## Assigned task
Your output must be the lines below from the line containing "blood pressure levels." to the line containing "3校の発表の後に、質問タイム", both lines included, reproduced exactly and without pictures.

## Material for the task
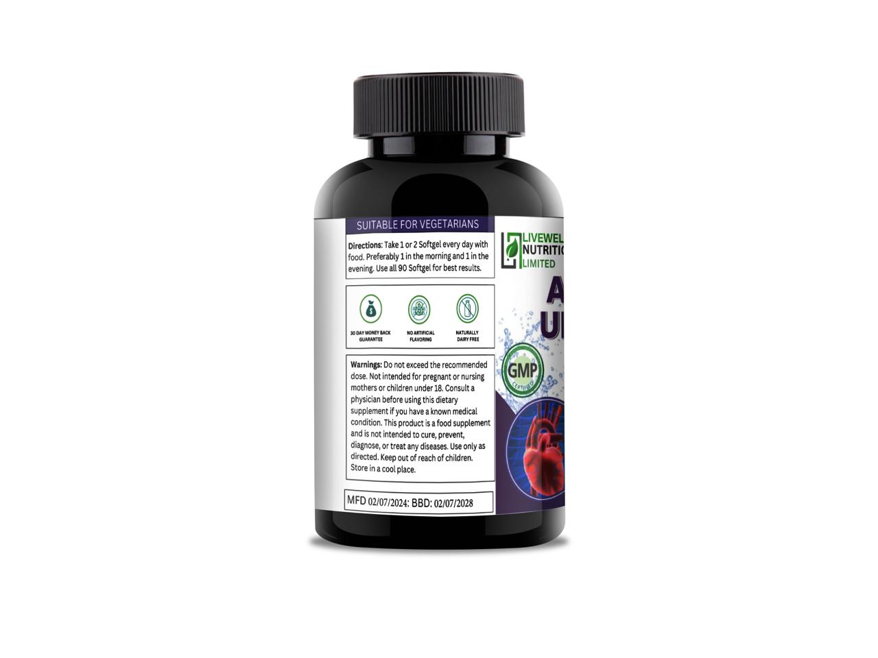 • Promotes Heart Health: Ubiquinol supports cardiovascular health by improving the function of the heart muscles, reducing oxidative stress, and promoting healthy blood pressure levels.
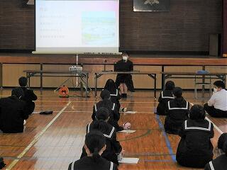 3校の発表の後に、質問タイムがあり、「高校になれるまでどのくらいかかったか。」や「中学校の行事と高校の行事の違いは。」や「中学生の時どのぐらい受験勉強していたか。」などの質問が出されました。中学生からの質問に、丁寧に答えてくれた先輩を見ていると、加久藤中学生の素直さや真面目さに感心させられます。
--
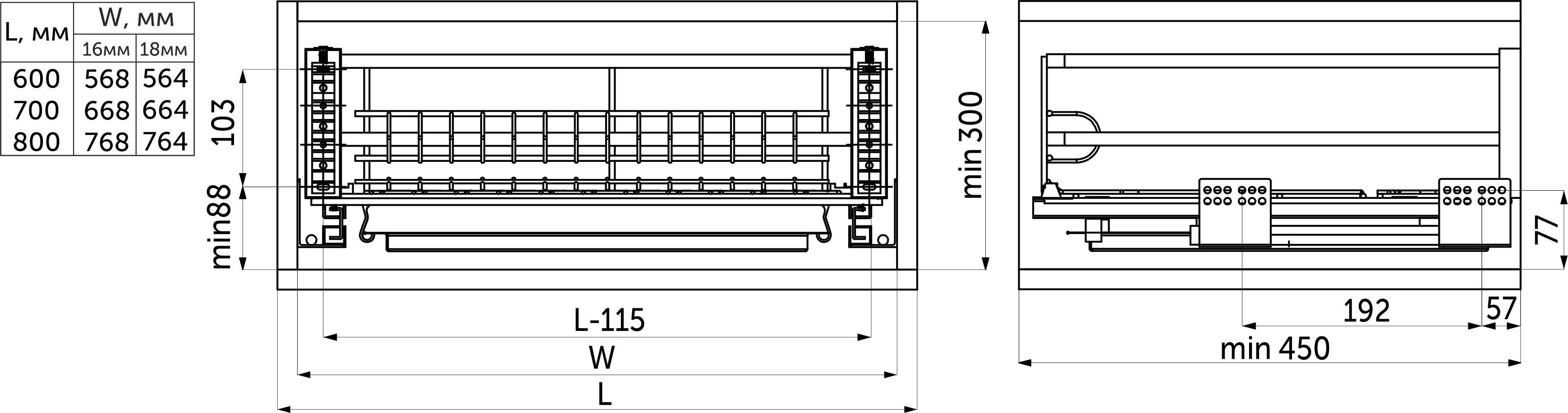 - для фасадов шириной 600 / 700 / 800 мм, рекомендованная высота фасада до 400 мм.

## Written response
 • Promotes Heart Health: Ubiquinol supports cardiovascular health by improving the function of the heart muscles, reducing oxidative stress, and promoting healthy blood pressure levels.
 3校の発表の後に、質問タイムがあり、「高校になれるまでどのくらいかかったか。」や「中学校の行事と高校の行事の違いは。」や「中学生の時どのぐらい受験勉強していたか。」などの質問が出されました。中学生からの質問に、丁寧に答えてくれた先輩を見ていると、加久藤中学生の素直さや真面目さに感心させられます。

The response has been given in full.